When the bombs rained down on Raqqa in eastern Syria early on Tuesday, many families were already huddled in their homes awaiting the inevitable.
The first strikes landed just after 2am, directed at sites that Islamic State (Isis) has openly used and that had long been flagged as targets. The jihadis were no longer there though, having blended in with Raqqa’s civilian population, where they knew they would be safer.
By daybreak, the governorate building, an Isis command post for the past 15 months, a TV station and a Syrian military base had been destroyed. According to several residents who spoke to the Guardian, up to 30 people were killed. Most, if not all, were militants.
The rest of the city remained hunkered down until the roaring jets and whining drones above had long gone.
“At first, I thought it was an air strike by Assad,” said local resident Mohammed Sheiko. “But it was different this time. It lasted for 30 minutes and the sound of bombing was louder than usual.
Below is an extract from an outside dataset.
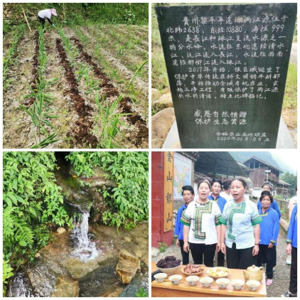 为考察黔东南保留完整的农耕文化,调研小组还分别走访了当地的两大民居部落。在归根部落,调研小组到达了两江源刻碑处和饮用水水源一级保护区“红豆杉山泉水”发源地,见证了当地为保护生态水资源所做的努力,同时也对部落特色生姜和稻米的生态种植与红色旅游景点“马踢井”(也叫“红军井”)进行了实地勘察。调研期间,实践团成员还受到当地的热情款待,体验了贵州特色的“拦门酒”和“长桌宴”。当地村书记石修彩介绍了本土特色农产品——生态小黄姜姜糖片、特色生态虫茶、胭脂紫米粉和胭脂紫米米皮粉,分享了归根部落做好绿色有机农产品的生态可持续智慧:创新性形成了“三净”理念,即“净塑、净土、净心”。

I saw smoke coming out of the governorate building and from the al-Rasheed gardens.
“I called a couple of my friends and they didn’t know about any civilians killed, but they heard some Isis fighters were killed, around 30 to 35 fighters. I don’t fear the air strikes. I hope they will bring us some good and not attack civilians.”
Hiba, 20, a student, said: “I heard the sound of the bombing, like everyone in Raqqa. I can already see the success of these strikes. Isis fighters have already started leaving the city, following their families, who they evacuated a while ago.
“There are no words to describe the bombing. It was a scene I wouldn’t wish my worst enemy to face. I was on the balcony with my little sister and we could hear the sound of planes and I was joking with her and said: ‘Comb your hair and smile, you are being filmed.’
“Later the bombing started and we all ran to the living room, everyone screaming and running in different directions. We didn’t know what to do. Our neighbour went to the hospital and asked if they needed blood and they said no because they haven’t got any injuries. Most people who left their homes live near Isis headquarters. We won’t leave our home. There is no point. We believe in destiny.”
Reem, 20, a university student, sheltered at home with her four younger sisters and parents. “My mum doesn’t want us to leave. She says we will stay home like the rest of the people in the city,” she said. “We have nowhere else to go. My little sisters kept crying when they heard the bombing. They are still panicking. There are very few shelters in the city and all we can do is hide on the ground floor of our home and gather together in one room.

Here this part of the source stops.